My mother was an artist, and my father was a computer scientist, so I think the recipe was there from the beginning. I chose to study architecture as an undergraduate but wasn’t satisfied with the static nature of the built environment. I had an interest in technology and performance from a young age so began weaving this into my studies. After university, I worked for Norman Foster and Imagination while continuing to create my own work. I started winning public art competitions and, after a few years, was getting enough commissions to set up my own studio.
How do you classify or categorize your art?
I deliberately operate in a hybrid space that’s hard to categorize. Some describe the work as ‘new media art’ but I don’t find this particularly helpful. My artworks blend architecture and technology, I don’t like to be pigeonholed by labels.
What would you like others to know about your art installation at CSU Spur?
Rotation Index is our first artwork in Colorado. It is located on the interior north elevation of the pedestrian bridge linking [Hydro] and [Terra]. The artwork can be experienced from inside the bridge but is also seen from street level through the glass façade. Digitally representing live lab experiments taking place at Spur, the artwork is like a notice board for the exciting activity happening on Campus.

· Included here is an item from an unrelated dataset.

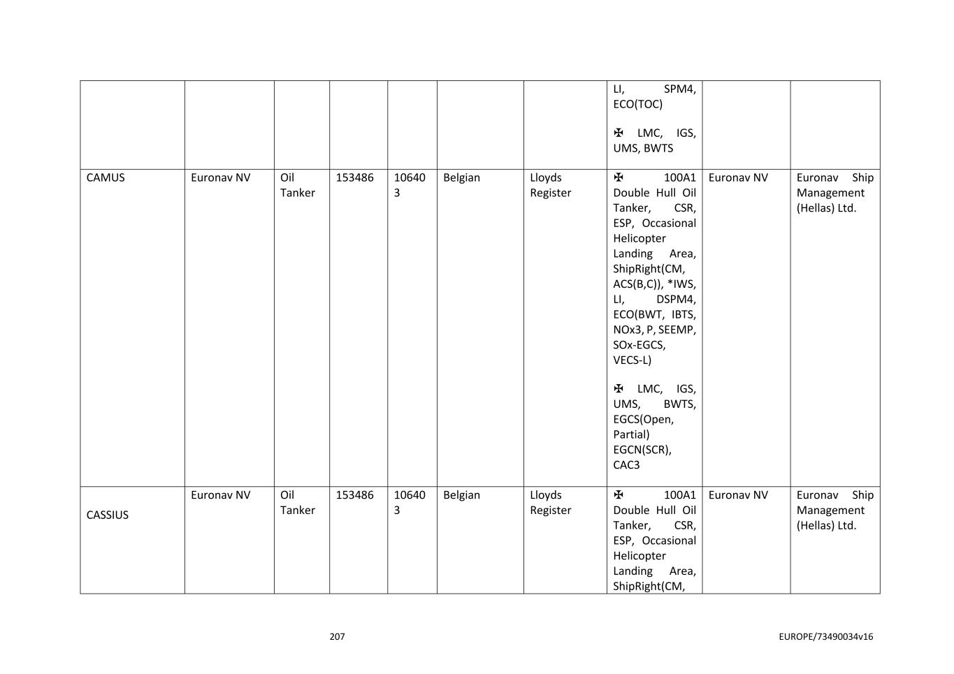 207 EUROPE/73490034v16 LI, SPM4, ECO(TOC) ✠ LMC, IGS, UMS, BWTS CAMUS Euronav NV Oil Tanker 153486 10640 3 Belgian Lloyds Register ✠ 100A1 Double Hull Oil Tanker, CSR, ESP, Occasional Helicopter Landing Area, ShipRight(CM, ACS(B,C)), *IWS, LI, DSPM4, ECO(BWT, IBTS, NOx3, P, SEEMP, SOx-EGCS, VECS-L) ✠ LMC, IGS, UMS, BWTS, EGCS(Open, Partial) EGCN(SCR), CAC3 Euronav NV Euronav Ship Management (Hellas) Ltd. CASSIUS Euronav NV Oil Tanker 153486 10640 3 Belgian Lloyds Register ✠ 100A1 Double Hull Oil Tanker, CSR, ESP, Occasional Helicopter Landing Area, ShipRight(CM, Euronav NV Euronav Ship Management (Hellas) Ltd.

When Rotation Index launches next year, it will take live data from the Department of Horticulture. We have been working directly with Assistant Professor Jennifer Bousselot and Assistant Professor Joshua Craver who, alongside their teams, are researching agrivoltaics and the future of plant growth. A ‘living’ canvas, Rotation Index will create a live link with sensors on the green roof and in the lab’s greenhouses displaying the performance of plants in real-time.
How do you hope visitors engage with your art?
Like most of my work, Rotation Index is deliberately non-didactic. It is meant to spark intrigue and inquisitiveness and is hopefully a catalyst for discussion. There’s an element of performance that I hope captures people’s imaginations and perhaps even disrupts their journey from A-B. I like to think the work gives people reason to pause and connect with the space they are inhabiting. Our digital version of a living wall, the artwork will constantly evolve and change depending on the activity within the labs and reflecting the changing seasons. Students and staff passing by will never have the same experience, so I hope it provokes them to ask questions about what is happening on campus and how it relates to the wider world.
What else would you like people to know?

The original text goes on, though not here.